Honden zijn als sneeuwvlokken - ze zijn alleen magisch, zelfs beter in groepen, en hoeveel overeenkomsten ze ook hebben, geen twee zijn precies hetzelfde. Elke hond heeft een uniek karakter, dat is een gegeven. Maar wat vormt die unieke pupper-persoonlijkheden? Wat bepaalt de koers van wat voor soort hond een puppy zal worden:zijn genetica of zijn levensverhaal? Of erger nog, worden hondenpersoonlijkheden meer gevormd door opvoeding of door de natuur? Hier is alles wat u moet weten over waar honden vallen in dit al lang bestaande wetenschappelijke debat.
Voordat je kunt begrijpen hoe de natuur en opvoeding spelen bij het vormen van de persoonlijkheid van je hond, moet je de basis kennen van het debat over natuur en opvoeding.

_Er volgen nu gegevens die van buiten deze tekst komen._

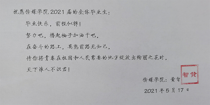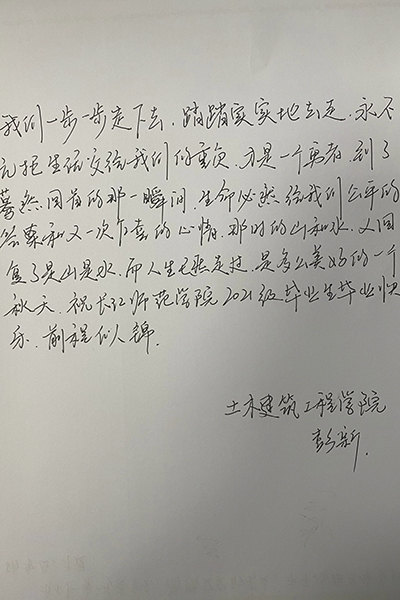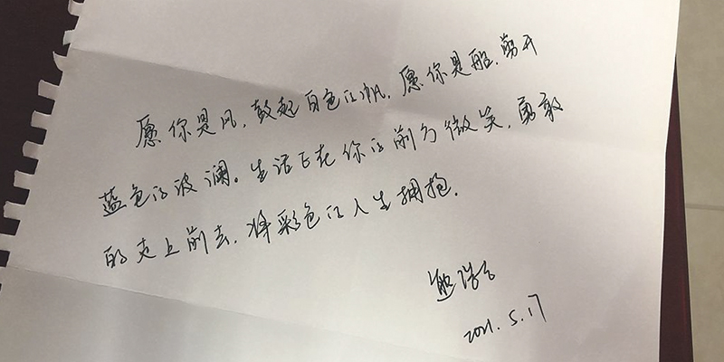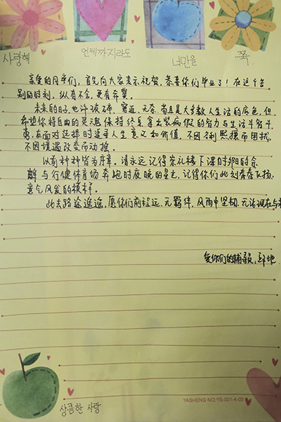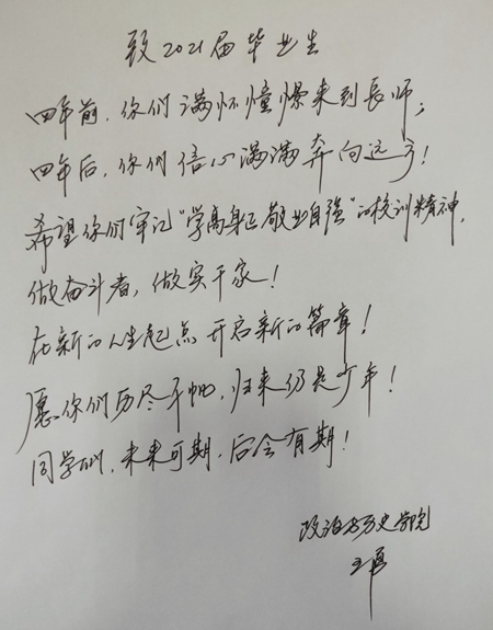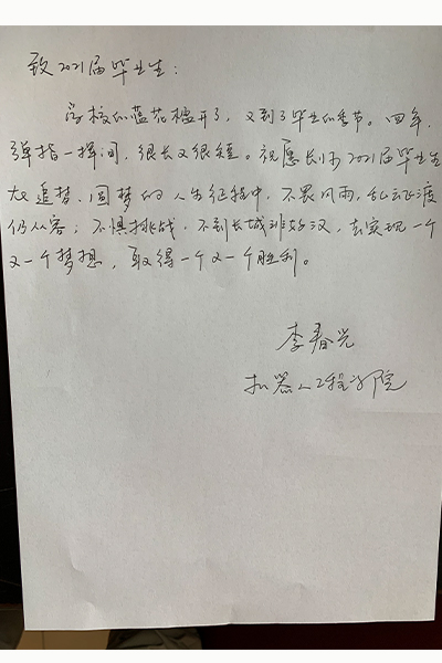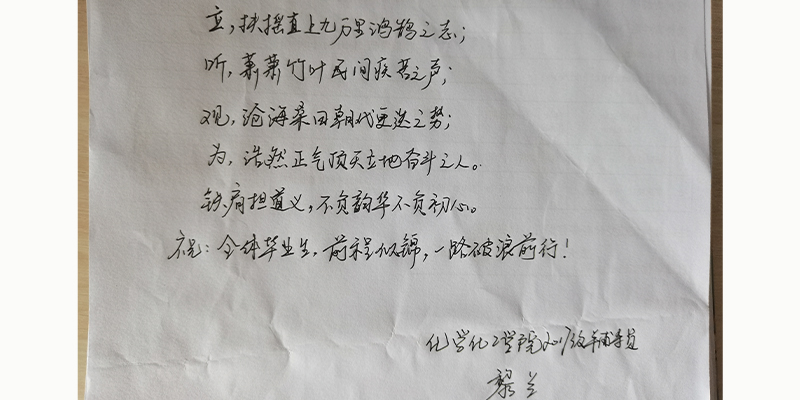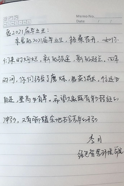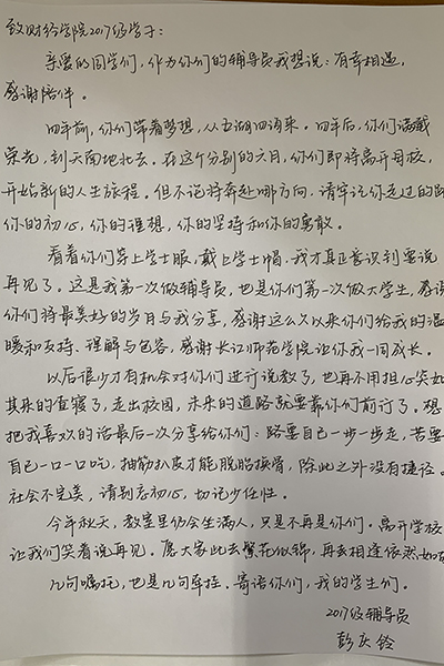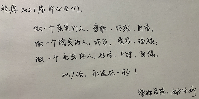 2017年的9月,带着憧憬与迷惘来到大学的少年,经过四年的拼搏与沉淀,转眼就到了离开校园的时刻。四年里,辅导员用爱陪伴着每一位学子成长、成熟,倾注了无数心血,在平凡的岗位上培育优秀人才。孩子们即将展翅翱翔,2017级辅导员们亲笔书写离别祝福,把殷殷嘱托置于字字句句,把深情抒于字里行间。

Het nature vs. nurture-debat is een steunpilaar van de moderne psychologie die zich bezighoudt met hoe verschillende gedragingen en persoonlijkheidskenmerken worden verklaard. Er zijn twee kanten van het debat, de 'nature:side', die pleit voor erfelijke en genetische oorsprong van eigenschappen, en 'nurture', wat suggereert dat ons gedrag en onze persoonlijkheden meer worden beïnvloed door onze omgeving en ervaringen.
Met andere woorden, zijn onze persoonlijkheden vanaf het moment dat we geboren zijn op DNA-niveau in steen gebeiteld of worden ze gevormd door de manier waarop we zijn opgevoed en de ervaringen die we hebben? Zou je - in wezen - de persoon zijn die je nu bent als je door verschillende ouders op een andere plek was opgevoed? Voel je niet slecht als je geen antwoord hebt - de wetenschap ook niet. In ieder geval niet definitief.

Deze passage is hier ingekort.